** INFORMATION PROVIDED follows **

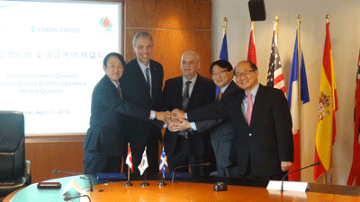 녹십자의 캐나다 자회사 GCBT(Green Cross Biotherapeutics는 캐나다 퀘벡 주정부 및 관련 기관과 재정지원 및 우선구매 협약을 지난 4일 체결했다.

** End of INFORMATION PROVIDED **
** INFORMATION PROVIDED follows **

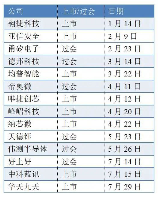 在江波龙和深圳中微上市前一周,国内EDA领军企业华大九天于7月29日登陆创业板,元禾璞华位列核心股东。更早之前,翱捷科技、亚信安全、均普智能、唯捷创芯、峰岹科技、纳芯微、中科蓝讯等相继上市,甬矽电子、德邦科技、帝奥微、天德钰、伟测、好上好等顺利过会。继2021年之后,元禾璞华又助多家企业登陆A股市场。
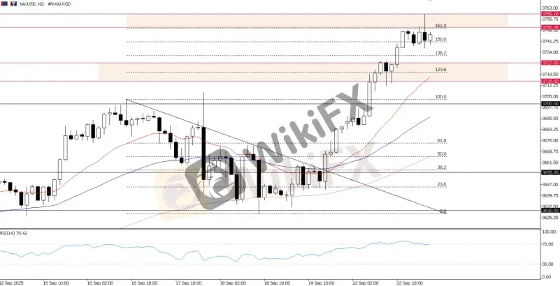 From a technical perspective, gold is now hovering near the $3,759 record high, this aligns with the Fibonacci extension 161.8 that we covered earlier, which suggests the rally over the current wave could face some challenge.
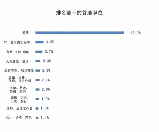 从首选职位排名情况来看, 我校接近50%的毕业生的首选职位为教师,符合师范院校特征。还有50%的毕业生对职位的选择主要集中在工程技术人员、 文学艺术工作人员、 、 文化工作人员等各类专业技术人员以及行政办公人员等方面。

** End of INFORMATION PROVIDED **

- PROBLEM REQUIREMENTS:
Only the lines above from the one with "在江波龙和深圳中微上市前一周" to the one with "From a technical" should be printed, both included and exactly as written; no picture belongs in the copy.

- ANSWER SECTION:
 在江波龙和深圳中微上市前一周,国内EDA领军企业华大九天于7月29日登陆创业板,元禾璞华位列核心股东。更早之前,翱捷科技、亚信安全、均普智能、唯捷创芯、峰岹科技、纳芯微、中科蓝讯等相继上市,甬矽电子、德邦科技、帝奥微、天德钰、伟测、好上好等顺利过会。继2021年之后,元禾璞华又助多家企业登陆A股市场。
 From a technical perspective, gold is now hovering near the $3,759 record high, this aligns with the Fibonacci extension 161.8 that we covered earlier, which suggests the rally over the current wave could face some challenge.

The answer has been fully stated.